И Саблин был удручён – он сидел за столом нормировщицы, ожидая нагоняя от директора:
– Будет мне сейчас за транспортёр!
Удалов галопом пробежался по всем участкам, пока не добрался до второй фермы, где заканчивалось строительство объекта года – нового откормочника на четыреста голов.
– Второе отделение! Как работает транспортёр?
– Павел Андреевич, – начал заведующий фермой и запнулся, – в общем… Это…
– Ну телись, не мямли!
– Он никак не работает…
– Как это «никак не работает»? Главный инженер! Ты что мне вчера докладывал!?
Саблин опустил плечи, покраснел ещё больше и, нажав рычаг селектора, сказал:
– Я, Павел Андреевич, докладывал, что мы его смонтировали, а потом… Стали испытывать – не идёт, тормозит где-то… Мотор воет, но не тянет. Сегодня проверим, Павел Андреевич. Найдём причину.
– Не найдёшь ты причину! Работать не умеешь! Сам приеду. Если ваша вина… В общем знаете, что вам будет – никаких премий за год! И переделывать будете за свой счёт! Всем дам в руки по кайлу! Тебе тоже! Каждую жилку кабеля заставлю проверить! Раз башкой своей не умеешь работать! Так… Лукашов!
– Слушаю, Павел Андреевич! – прошелестел мой предшественник.

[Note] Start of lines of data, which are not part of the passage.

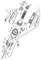 前ノブ部74は、その遠位端に先端部分78、並びに、前端又は近位端に中央本体部75及びカラーフランジ76を含み、カラーフランジは、ハウジング部22、24内のノッチ内に着座している。(例えば、より可撓性のプラスチック又はゴムのオーバーモールドの)ノブ部80は、ユニットを把持及び操作するためのより可撓性で優れた把持面を提供するように、前ノブ部74の中央部分75の周りに、かつ先端部分78を覆って、配置される。ノブ部80は、把持リブ84と、位置ボタン又は親指マーカ82と、前ノブ部74の先端部分78を包囲する先端部86と、を含む。  The
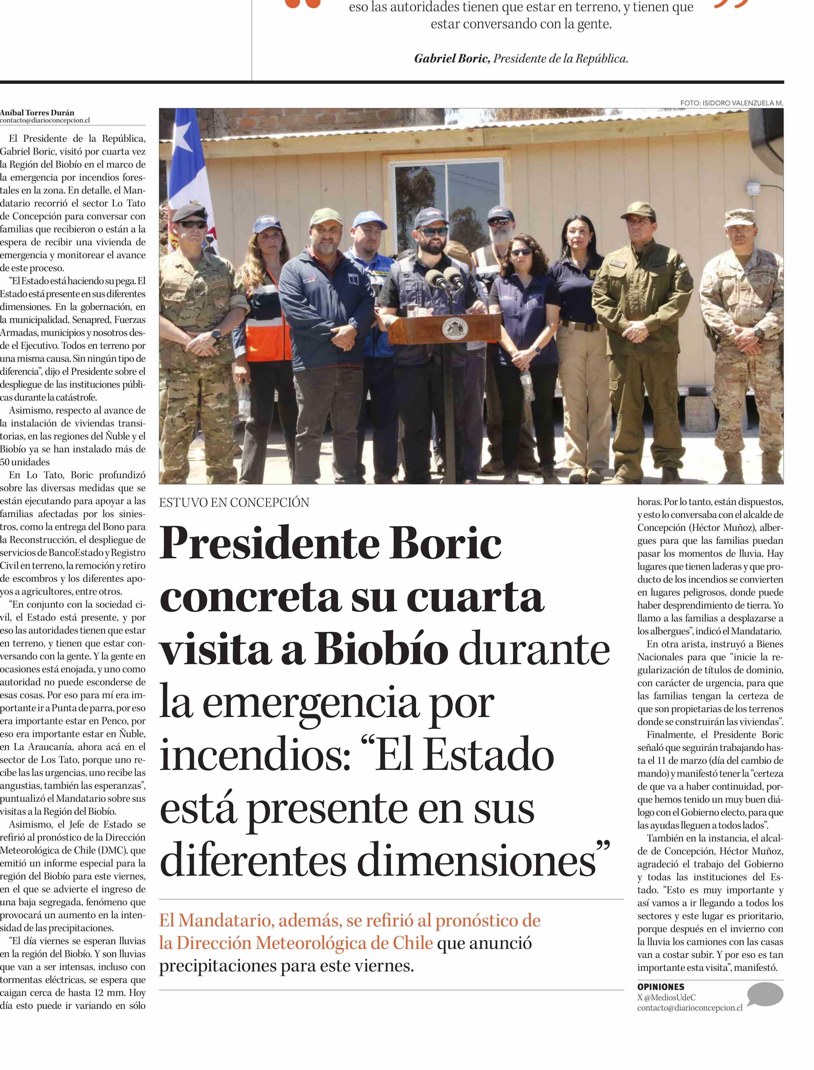 Presidente Boric concreta su cuarta visita a Biobío durante la emergencia por incendios: "El Estado está presente en sus diferentes dimensiones"
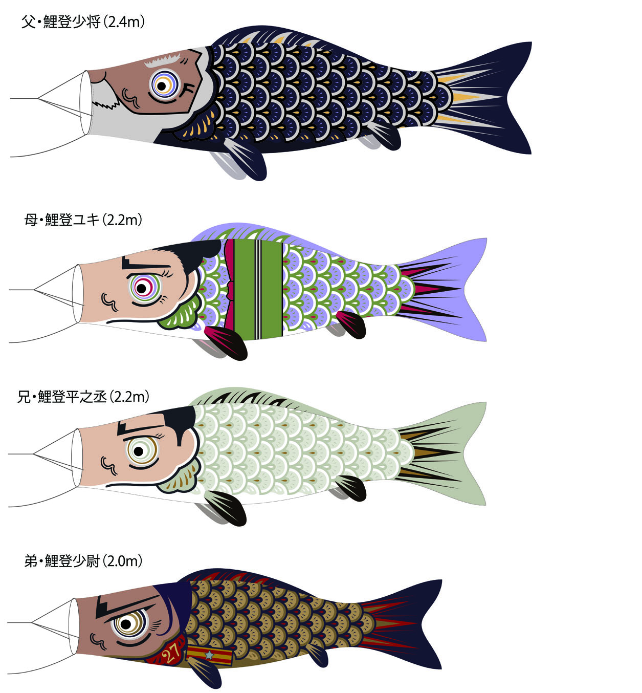 鯉登少将(父)、鯉登ユキ(母)、鯉登平之丞(兄)、鯉登少尉(弟)の鯉登(こいのぼり)展示が決定ッ!!
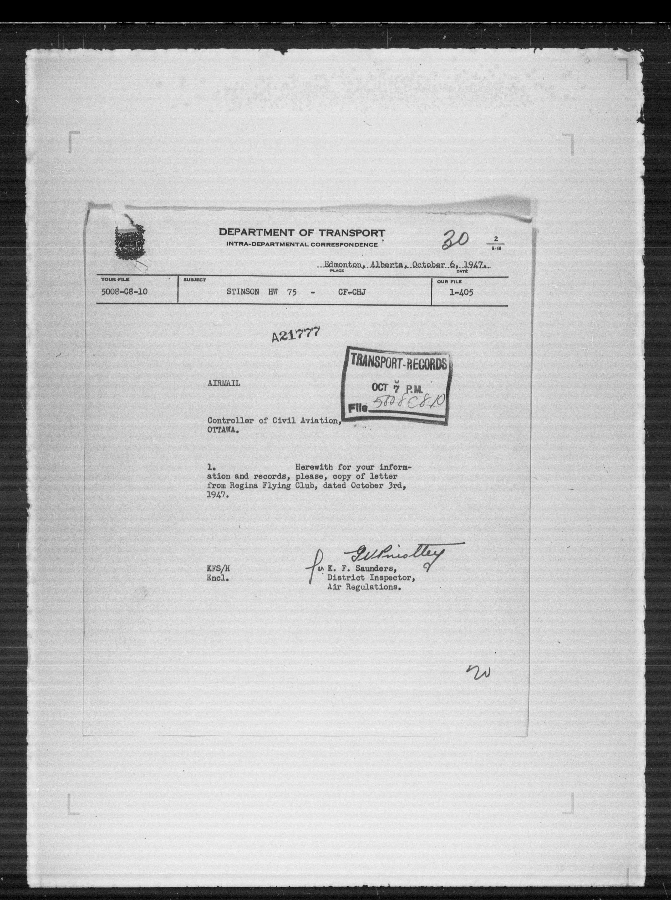 Department of Transport : Civil aircraft registration, inspection and operation files, block 5008, 1920-1986 - 7890
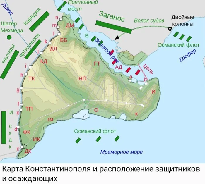 Константинополь тогда напоминал треугольник, две стороны которого образовывали Мраморное море и бухта Золотой Рог, а третья была сухопутной. С моря город считался недоступным; сухопутная западная сторона треугольника длиной приблизительно 10 км защищалась тысячелетними двойными крепостными каменными стенами и рвом глубиной более 30 метров. Свою атаку турки-османы, не очень хорошие моряки, решили начать с суши. Турки пытались делать подкопы, засыпали ров бочками, деревьями, камнями, землей, а также своими телами, методично обстреливали крепостные стены. Сравнительно новое тогда пороховое оружие здесь причудливо смешалось со старинным — огонь, дым, выстрелы пороховых пушек, тучи стрел и метательных копий. Кроме пушек использовались также катапульты. А вскоре задействовали еще гигантскую передвижную осадную деревянную башню, вооруженную мортирами и обшитую тройным слоем бычьей кожи; ее использовали также для наведения перекидных мостов и подвоза амуниции, камней, солдат и обслуги.

– Опять вчера пьянствовал?! Сдавай мастерскую и – катись к чёртовой матери! В слесари иди! И запомни: ещё один случай и выгоню по тридцать третьей статье! Хватит с тобой нянчиться! Мельников, принимай мастерскую! Жду от тебя порядка! Там у тебя К-700 целый год стоит, через неделю чтобы был на ходу! Понял?
– Понял, – ответил я, хотя не имел никакого представления о каком тракторе идёт речь.
Лукашов, икая и вздыхая, пил из графина вчерашнюю воду. – Юрий Михайлович, – сказал я Саблину, – вчера ведь договорились, что Лукашов останется контролёром. А теперь…
– Ну а что я поделаю? Спорить с ним? Видишь, какой он! Хватит мне и откормочника. Делали бы по проекту, так нет – как он сказал!
Я понял, что Саблин панически боится директора и предложил:
– Ну давай я спрошу.
– Подожди! – сказал Лукашов. – Уволюсь я. Надоело от него… получать.
– Сашка, но ведь ты сам виноват! – накинулся на него Майер. – С какой радости ты вчера опять нажрался?
Лукашов не ответил, а вскинул глаза на открытую дверь. Я сидел к ней спиной и, обернувшись, увидел в нормировке, в которой до самого потолка плескалось утреннее солнце, женщину.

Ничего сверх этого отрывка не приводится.